Now, in 1936, Franklin Roosevelt, when gave his acceptance speech on being renominated, he had a solution to that question. What he said was, what are doing with the New Deal? We are ending a new form of tyranny. Jefferson and the founders ended a political tyranny, when they threw out  King George. We are ending an economic tyranny. We have a new class of economic royalists, he said, and he used that phrase to evoke King George, and he said what we have to do is democratize the society.

 

How do we do that? We create institutions that can counter the power and land and money, and can give the powerless a voice, as in trade unions, as well as the power of the government to regulate, with the SEC. To tame, to regulate, to control this new form of economic tyranny.

 

The solution, to fulfill Jefferson’s ideal, is not to go back and only give the vote to those people who have an independent income, but to do something else, which is to give everyone a sense of independence. Let me give you an example of this right here on the South Coast.

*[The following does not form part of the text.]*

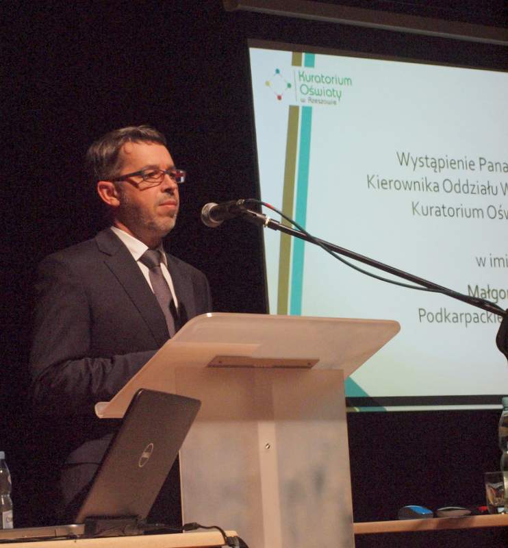 Na wstępie konferencji głos zabrał Kierownik Marek Kondziołka Kierownika Oddziału Wspomagania i Innowacji Kuratorium Oświaty w Rzeszowie, który w miłych słowach docenił wielką pracę głównych prelegentów Dyrektora Macieja Polańskiego z Zespołu Szkolno-Przedszkolnego nr 2 w Leżajsku i Dyrektora Romana Matuszka z Zespołu Szkół im. prof. Franciszka Leji w Grodzisku Górnym, dziękując im za ich wielką pasję i rolę w upowszechnianiu od 2008 r. robotyki na Podkarpaciu.

We did a survey in Santa Barbara two months ago. We asked lots of questions, and among those questions we asked, of people earning low wages, was the question: Can you take time off if you get sick? Some companies make provision for sick leave, and others don’t. A huge proportion of those people we asked said, no, I’m not taking time off if I get sick, because I don’t have enough money and I need to work, or because I’m afraid I’ll be fired or penalized if I take time off. So what they represented when they said that was what Jefferson was afraid of, which was the fear and dependence of people without their own voice, or without institutions that could defend them. What these [low wage] people need is not an inspector in every workplace, but institutions [such as trade unions] that will defend people without a voice, to give them the equivalent of a farm, the equivalent of independence."

Jefferson as a defender of the independence of the working poor! That's original – and hearteningly American.